M&A is the current dynamic trend in the development of modern corporations. The main reason for the rapid increase in this trend is a competition that forces businesses to actively seek investment opportunities, effectively use all available resources, and optimize costs. So, in this article, we will compare the functionality of CRM and VDR services and their role in M&A deals.

CRM or VDR?

Mergers and acquisitions are an effective mechanism for doing business, which has become firmly established in the practice of company development. Depending on the goals of corporations, M&A allows to strengthen its position in the market, create new competitive advantages, enter new markets sales, acquire the missing competencies, radically change the key parameters of the activity and improve the structure. 

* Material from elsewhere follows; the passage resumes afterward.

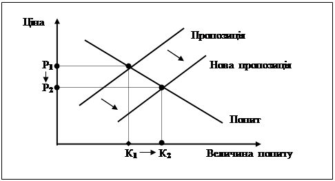 Із зміною інших факторів (техніки, доходів тощо) модель взаємодії попиту і пропозиції складніша. Так, із впровадженням нових, досконаліших швейних машин зросте продуктивність праці і знизяться витрати виробництва на пошиття однієї сорочки. Лінія попиту при цьому зміститься донизу (рис.4). Це зумовить зниження цін і зростання попиту. Ціна рівноваги знизиться.

Technological transactions with special specifics, in most cases, are viewed as traditional transactions in the M&A market, although they require special attention and a strategic approach on the part of companies interested in achieving sustainable advantages. Thus, ancillary services like CRM or data rooms that store your data play an important role in conducting M&A transactions.

A CRM system is software that helps to build a dialogue with customers as efficiently as possible and, as a result, increases product sales. The platform contains all the necessary information about users and the chronology of work with them – that is why this system is being implemented in many companies.

The tool allows you to divide the transaction process into the required number of stages, to build tactics of interaction on each of them, as well as to evaluate the effectiveness of managers. 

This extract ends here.